Aston Martin am Norisring ©R-Motorsport

Das vierte Rennwochenende in der Debütsaison von Aston Martin führte das Team R-Motorsport auf den Norisring in Nürnberg. Nachdem die Truppe im ersten Rennen am Samstag mit drei Fahrern in den Top-10 das bislang beste Rennergebnis in ihrer noch jungen DTM-Teamgeschichte erzielen konnte, ging das Fahrer-Quartett im zweiten Lauf am Sonntag aus der zweiten Hälfte der Startaufstellung ins Rennen.

Daniel Juncadella fuhr den längsten ersten Stint aller Piloten, in der Hoffnung von einem möglichen Regenschauer gegen Rennende profitieren zu können. Der Regen kam zwar nicht, aber dank seines späten Stopps in Runde 42 beendete der Spanier das Rennen auf Position 10. Nach seinem sechsten Platz am Samstag war es Juncadellas zweites Punkteresultat an diesem Wochenende.

Juncadella pushte die Aston Martin-Mannschaft gehörig mit seinem starken Auftritt am Wochenende. Dennoch bleibt noch viel Luft nach oben. Teamkollege Ferdinand von Habsburg, der seinen vorgeschriebenen Boxenstopp nach 18 Runden absolvierte, verpasste seine zweite Punkteplatzierung an diesem Wochenende als Elfter nur denkbar knapp. Zuvor traf sich der junge Österreicher mit Landsmann und DTM-Boss Gerhard Berger, der als besonderen Gast Fürst Albert von Monaco mit in die Aston Martin-Box brachte -Adel verpflichtet.

Aston martin mit Gerhard Berger und Fürst Albert ©R-Motorsport

Jake Dennis setzte anders als seine Teamkollegen auf einen frühen Stopp. Der Brite kam bereits nach der Startrunde an die Box, um seine Reifen wechseln zu lassen, und beendete das achte Saisonrennen auf Platz 12.

Paul Di Resta hatte ein Rennwochenende zum Vergessen. Der Schotte absolvierte seinen Stopp nach 14 Umläufen, musste das Auto jedoch 17 Minuten vor Rennende mit einer beschädigten Hinterradfelge in Folge einer Berührung mit einem anderen Fahrzeug vorzeitig abstellen- das Aus. Enttäuschung beim ehemaligen Formel-1-Piloten, der am Samstag über Platz 12 schon nicht hinauskam.

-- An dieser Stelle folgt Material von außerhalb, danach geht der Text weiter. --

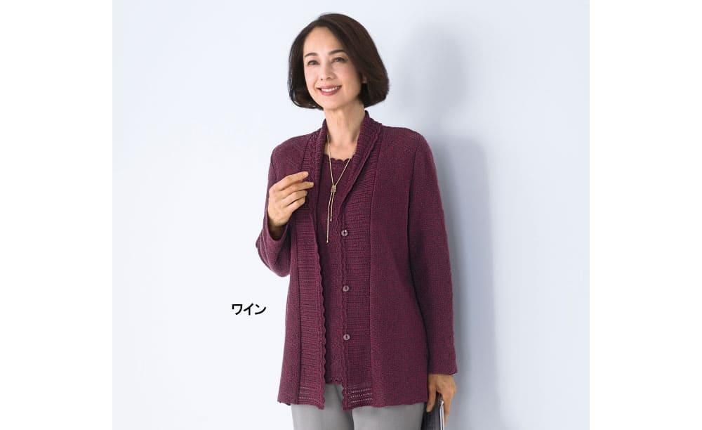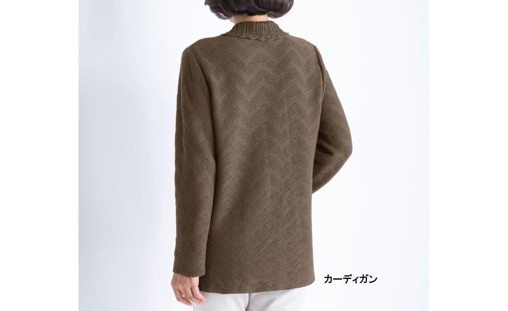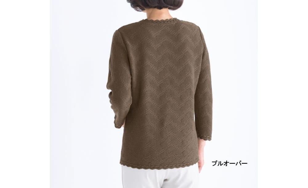 細やかで繊細な編柄を組み合わせた上品な雰囲気のアンサンブルです。カーディガンの衿から前立て、そしてプルオーバーの衿もとや裾のデザインは、女性らしく優しい印象をプラスしてくれます。保温性があり暖かなウール混素材を使用。やわらかな風合いと、やさしいぬくもりで体を心地よく包み込んでくれます。モカ、ワインともに色に深みがあり、上品さを一層引き立たせます。

Hier die Stimmen von Aston Martin:

Daniel Juncadella:

„Der Anfang war recht schwierig. Ich hatte einen relativ schlechten Start, was sehr schade ist, weil wir normalerweise sehr gut wegkommen. Aber ich konnte leider nicht genug Grip finden. Danach hing ich zwischen all den Autos fest und lag am Ende des Feldes. Deshalb habe ich mich darauf konzentriert, mein Rennen zu fahren und unsere Strategie durchzuziehen.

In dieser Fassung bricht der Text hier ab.